** YOUR INSTRUCTIONS **
Images are to be excluded, and the rest of the data repeated exactly.
[RECORDS TO USE]
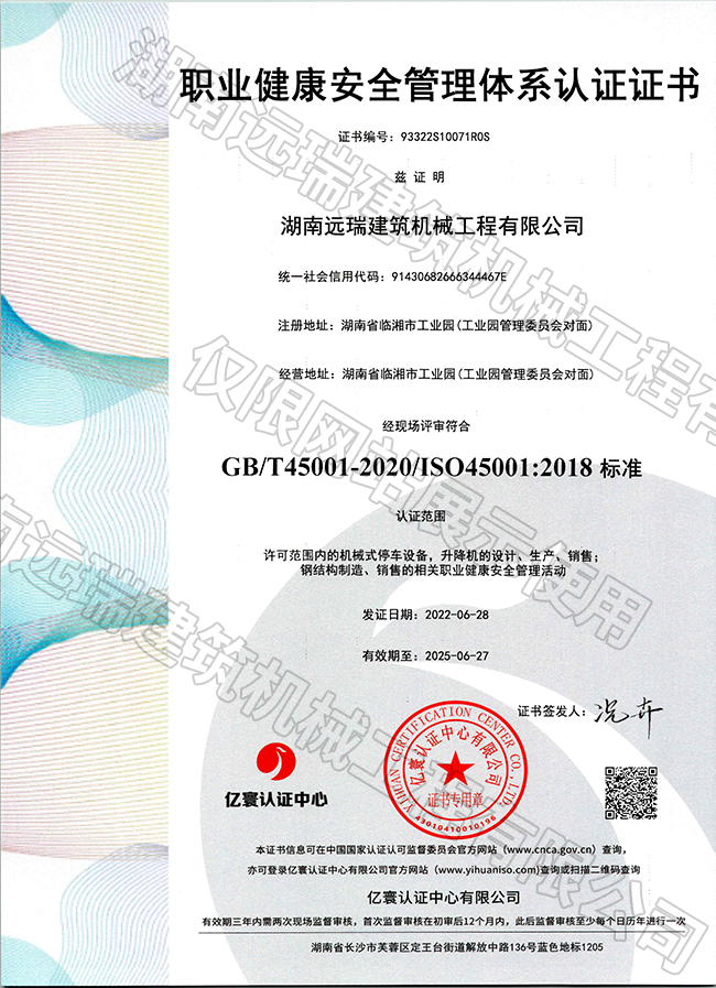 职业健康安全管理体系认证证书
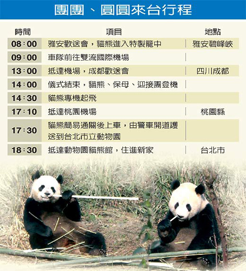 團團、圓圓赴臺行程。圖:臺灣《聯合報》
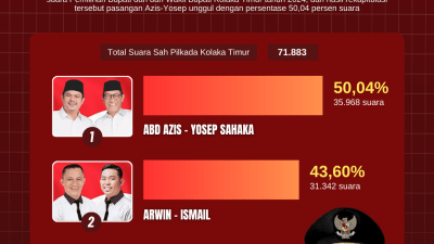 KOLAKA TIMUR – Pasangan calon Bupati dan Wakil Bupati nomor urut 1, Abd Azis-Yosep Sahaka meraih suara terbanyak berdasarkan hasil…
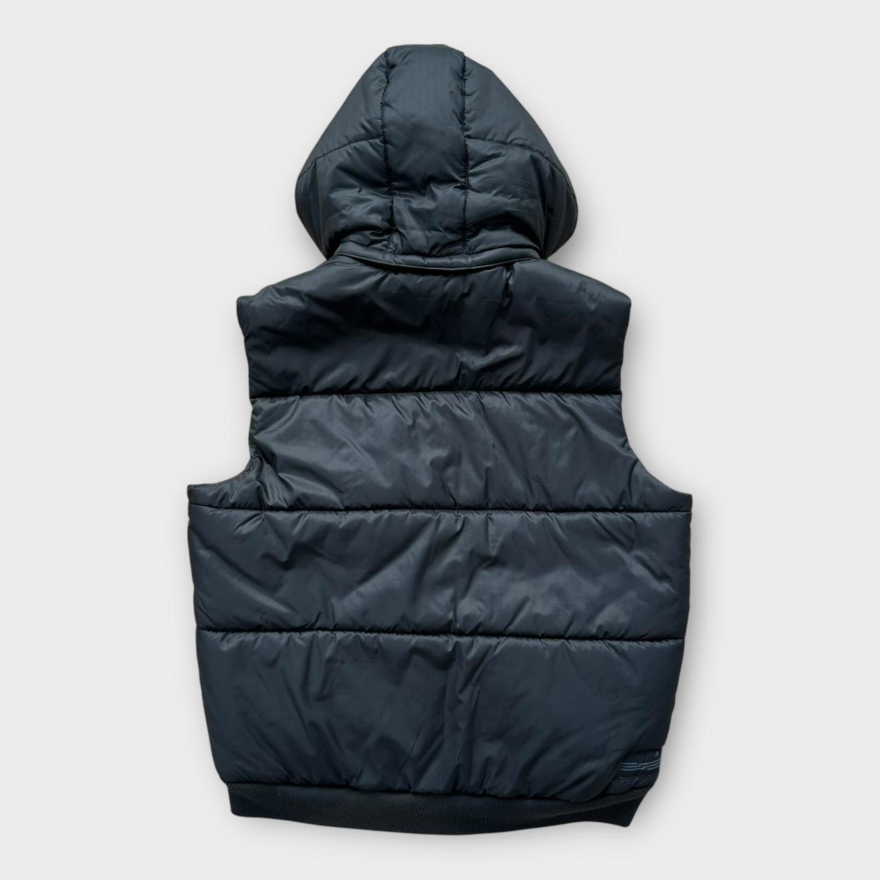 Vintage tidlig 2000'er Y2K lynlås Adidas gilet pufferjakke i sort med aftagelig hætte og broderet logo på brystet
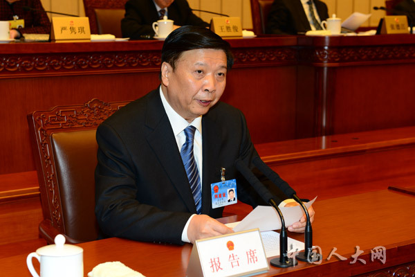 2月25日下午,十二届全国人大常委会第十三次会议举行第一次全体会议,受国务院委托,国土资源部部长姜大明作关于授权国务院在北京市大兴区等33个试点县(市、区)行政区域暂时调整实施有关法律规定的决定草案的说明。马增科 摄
[/RECORDS TO USE]
** OUTPUT OF THE TASK **
 职业健康安全管理体系认证证书
 團團、圓圓赴臺行程。圖:臺灣《聯合報》
 KOLAKA TIMUR – Pasangan calon Bupati dan Wakil Bupati nomor urut 1, Abd Azis-Yosep Sahaka meraih suara terbanyak berdasarkan hasil…
 Vintage tidlig 2000'er Y2K lynlås Adidas gilet pufferjakke i sort med aftagelig hætte og broderet logo på brystet
 2月25日下午,十二届全国人大常委会第十三次会议举行第一次全体会议,受国务院委托,国土资源部部长姜大明作关于授权国务院在北京市大兴区等33个试点县(市、区)行政区域暂时调整实施有关法律规定的决定草案的说明。马增科 摄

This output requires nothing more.